In some example embodiments, the electrical contact pads of a power-receiving unit may become coated with an oxide layer. Such an oxide layer may occur naturally when certain metals are exposed to oxygen in the atmosphere. For instance, aluminum is reactive with the oxygen in the atmosphere and, as a result, has a naturally-occurring aluminum oxide layer on all oxygen-exposed surfaces of the aluminum. In another instance, stainless steel (e.g., 316 stainless steel) contains, inter alia, chromium, which is reactive with the oxygen in the atmosphere and, as a result, has a naturally-occurring chromium oxide layer on all oxygen-exposed surfaces of the stainless steel.

While a metal oxide layer may serve as a protective layer (e.g., corrosion resistance) for the underlying metal, the metal oxide layer is also an electrical insulator and, thus, may hinder the transmission of an electrical current. In particular, the presence of a metal oxide layer on the electrical contact pads of a power-receiving unit may interfere with the quality and consistency of an electrical connection with the connector elements (e.g., connector pins) of the power-supplying unit.

To mitigate/address the electrically-insulating effect of the metal oxide layer, an electrical contact arrangement may be configured such that an associated force between the engaging structures is focused on a relatively small surface area so as to increase the likelihood of penetrating (e.g., mechanically and/or electrically) the metal oxide layer and thereby improving the quality and consistency of an electrical connection with the underlying metal. In an example embodiment, an electrical contact pad may be fabricated/modified to introduce at least one surface discontinuity which provides for one or more focused points of contact (e.g., edge(s)) with a corresponding connector when electrically engaged. As used herein, a surface discontinuity should be understood to be disruption in an otherwise smooth and continuous surface. The surface discontinuity (or each of the surface discontinuities) may occupy a contiguous area of about 0.2 mm 2-0.80 mm² (e.g., 0.4 mm 2-0.6 mm²).

FIG. 1 is a schematic, perspective view of the connector pins of a power-supplying unit and a power-receiving unit including a contact pad having at least one surface discontinuity configured for engagement with a corresponding one of the connector pins according to an example embodiment. Referring to FIG. 1, a power-supplying unit 100 may include a power source and/or control circuitry which are in electrical communication with connector pins 653. The power source may include one or more batteries, capacitors, and the like. The connector pins 653 of the power-supplying unit 100 may be configured to transmit current as electrical energy and/or as an electrical signal to corresponding contact pads 646 of a power-receiving unit 200. The connector pins 653 may be formed of copper or of a copper alloy (e.g., copper-titanium) with the option of also being gold-plated. The contact pads 646 may be part of an exterior surface of the power-receiving unit 200, although example embodiments are not limited thereto. To enhance an engagement with the contact pad 646, the connector pins 653 may be spring-loaded or otherwise biased so as to resiliently press against the contact pad 646 when the power-supplying unit 100 is connected with the power-receiving unit 200. The combination of the power-supplying unit 100 and the power-receiving unit 200 may be referred to generally as an electronic device.

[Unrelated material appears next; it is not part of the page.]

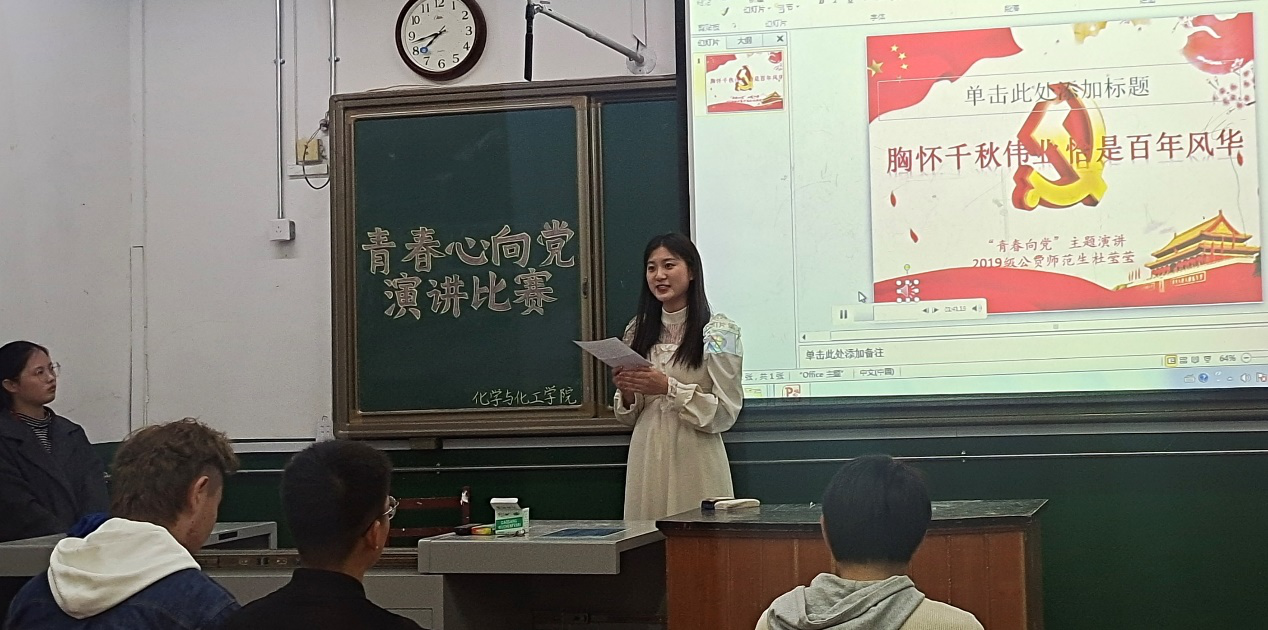 此次比赛为化院具有演讲爱好的同学提供了一个展示自我的平台,让同学们在抒发知党、爱党、颂党的真实情感中,传承红色基因和优良革命传统,从而凝聚起为中华民族伟大复兴而努力奋斗的强大正能量,为进一步推进化院党建工作奠定了良好基础。

Although the connector pins 653 are shown as each set including three pins, it should be understood that example embodiments are not limited thereto. Specifically, in other instances, the connector pins 653 may include more (e.g., 4 pins per set) or less (e.g., 1-2 pins per set) than the set of three pins shown in the drawings. Additionally, while the connector pins 653 are shown as a set including a voltage pin 653′ between two current pins 653″, it should be understood that other quantities and combinations are possible. Furthermore, while the connector pins 653 and the contact pad 646 are shown as being a part of the power-supplying unit 100 and the power-receiving unit 200, respectively, it should be understood that, in some instances, this configuration may be reversed such that the connector pins 653 and the contact pad 646 are part of the power-receiving unit 200 and the power-supplying unit 100, respectively.

The contact pad 646 may be formed of various conductive materials that are suitable for establishing an electrical connection with the connector pins 653. In particular, the contact pad 646 may be formed of a metal with its outer surface coated with a naturally-occurring oxide of the metal. For instance, the contact pad 646 may be formed of stainless steel, and the chromium in the stainless steel may form a natural layer of chromium oxide on the stainless steel. In such an instance, the contact pad 646 may be regarded as having a base layer/material 647 of stainless steel and an outer/surface layer 648 of chromium oxide. In FIG. 1, it should be understood that the thickness of the outer layer 648 of naturally-occurring oxide has been exaggerated to better illustrate its presence. In actuality, the outer layer 648 of naturally-occurring oxide is relatively thin and may be in the order of several nanometers (e.g., 1-3 nm).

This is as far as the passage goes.